Hi Jen, thanks for sharing your story with us. To start, maybe you can tell our readers some of your backstory.
I was a sales rep for a chemical company back in the mid to late 90’s and when my husband and I were expecting our first child, I was offered a sales management position that would require 50-70 hours a week of work. That was going to be too much for raising our child, so I came up with the idea that could work for our family. I started an “inexpensive videography business” where a bride and groom could hire me for $50/hour. I would get out on a weekend night and basically cover an event (weddings mostly) for the client that would pay a minimal fee comparatively and allow all guests to not be burdened with videoing to help their friend save some $. I came in with a tripod and a light and a back up camera. It gave my family a little bit of extra spending money, yet I could stay home during the workweek and raise my son. The business took off! I did 13 weddings from September through December in 1999 and then 40 the next year.

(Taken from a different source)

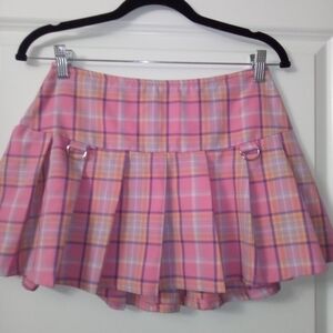Y2K School Girl Style Pink Plaid Mini Skirt Size 2 By Sweet Society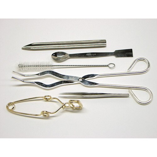 A nice assortment of most commonly used lab tools, available as one convenient set. Contains one each of following: test tube brush, spatula, crucible tongs, test tube clamp, lab scoop, forceps.

After a year, a B&B that also did weddings asked if I could do photography and I said, “Sure!” I was already aware of how to work my way around a manual camera since the late 80’s courtesy of a graduation gift from my father. That first client knew I hadn’t officially photographed a wedding for $, but they were on a budget and they were willing as was I. I also stood next to many a photographer in the past year, so I recalled what they had been doing naturally and tweaked it to what I felt would be better, in my opinion, for my client. Charging a fair price and giving them better customer service, honing it to be better and using what I learned from my sales background. Clients needed to share with their photographer the ins and outs of their family dynamics, and photographers at that time were mostly saying “congrats” to the clients after they had just married and then took pictures they came up with on the spot.

I also created a photo prep sheet as a tool between the client and me for learning what was important to know, whether it be something special within the ceremony to look for as well as understanding little details that may happen during a wedding. Church ceremonies were very different from outdoor ceremonies and that prep sheet tool opened conversation and understanding and most importantly a line of trust between client and photographer. One unique client had a foot washing in the middle of their ceremony, which was derived from the Bible. Anyway, twenty-one years later and twenty tweaks of my prep sheet for events, I have been able to roll with the changes over the years. (Remember, the early 2000’s I started back in film photography so many changes over the years!)

As the years rolled by, many of my past clients were becoming parents, so pregnancy pictures, newborn photo shoots, and family pictures became avenues to expand my business. I have a heavy handful of clients I still photograph annually since their wedding, and that has been so rewarding to watch their lives and their families grow. Friends and family have also caught on and realized my whole package was better for them than other photography options, of which I was grateful.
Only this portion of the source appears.